Ladogasee

Ladogasee (karel. Luodogu, russ. Ladožskoe ozero), im Nordwesten des europäischen Teils Russlands (Karelien) gelegen.

Inhaltsverzeichnis

1 Geographie

Der L. ist der größte Süßwassersee des europäischen Kontinents. Er umfasst eine Fläche von 17.678 km² (mit Inseln 18.135 km²), hat eine Länge von 219 km, eine mittlere Breite von 83 km und eine mittlere Tiefe von 51 m, die größte Tiefe von 230 m wird westlich der Insel Valaam (russ., karel. Valamonsaaret), erreicht. Das Einzugsgebiet des Sees beträgt 258.600 km². Das Becken des L.s ist tektonischer Herkunft. Seine heutige Gestalt erhielt es nach der letzten Eiszeit durch die Fließbewegung von vier Gletschern, durch deren Schmelzwasser auch der L. entstand.

Die Ufer im nördlichen Teil des L.s sind größten Teils hoch, felsig, mit tiefen zerklüfteten, fjordartigen Buchten und bewaldet. Zahlreiche Inseln bilden hier Schären. Die südlichen Ufer sind flach und bilden mit Weiden und Erlen bewachsene Sandstrände und Landzungen. Auf den stellenweise vorhandenen Uferdeichen wachsen Kiefern. Vielerorts weisen die Ufer Anhäufungen von Findlingen auf. Das Relief des nördlichen Seegrunds ist uneinheitlich. Es herrschen sowohl sehr flache Stellen als auch Tiefen von mehr als 100 m vor. Der Grund im südlichen Teil des L.s ist eher eben, es werden Tiefen von 10 m und weniger erreicht, unterbrochen von Untiefen. Im nördlichen und mittleren Teil des Sees ist der Seeboden schlammig, im südlichen Teil dagegen sandig.

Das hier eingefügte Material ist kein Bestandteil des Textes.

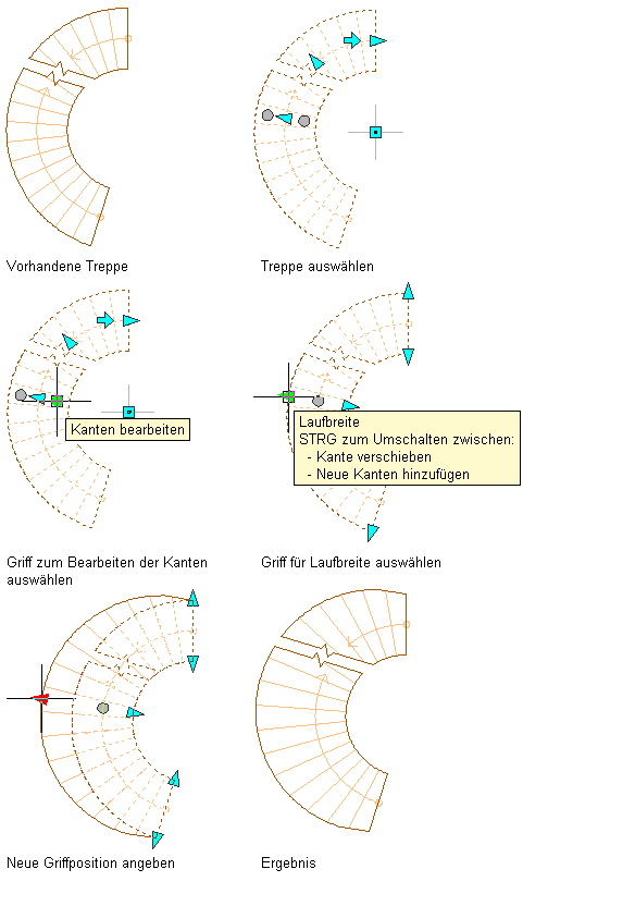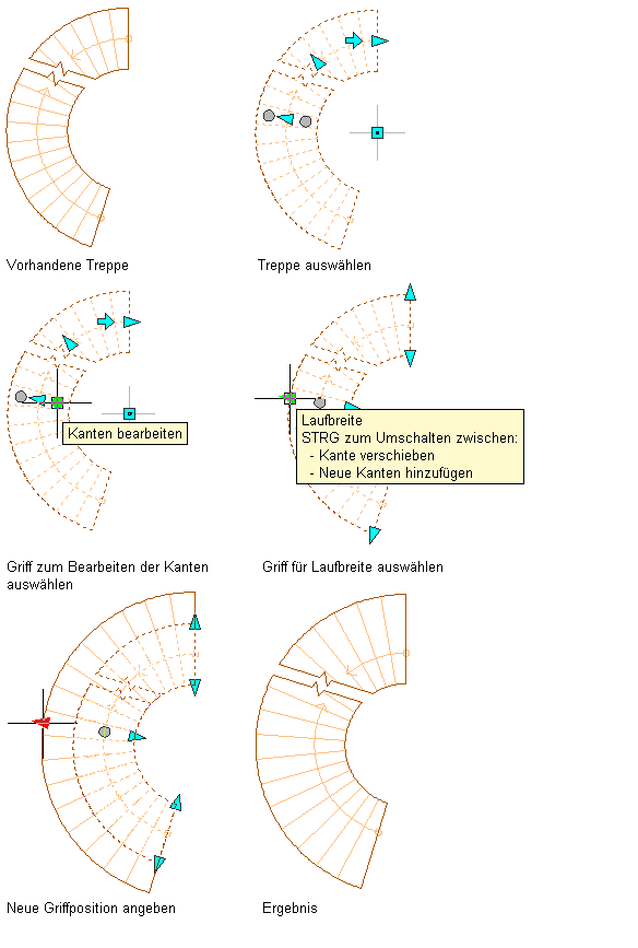 Gehen Sie wie folgt vor, um die Außenkante einer Wendeltreppe zu ändern. Hierzu stehen zwei Vorgehensweisen zur Verfügung:

Im L. gibt es ca. 660 über einen Hektar große Inseln mit einer Gesamtfläche von 456,6 km². Ungefähr 500 Inseln liegen am nordwestlichen Ufer und 65 im mittleren Teil des Sees (z. B. die Valaam-Insel und der westliche Archipel). Zu den größten Inseln gehören Riekkalansari (russ., karel. Riekkalansaari, 55,3 km²), Mantsinsari (karel. Mantsinsaari, 39,4 km²), Kilʹpola (russ., karel. Kilpola, 32,1 km²) und Tulolansari (russ., karel. Tulolansaari, 30,3 km²).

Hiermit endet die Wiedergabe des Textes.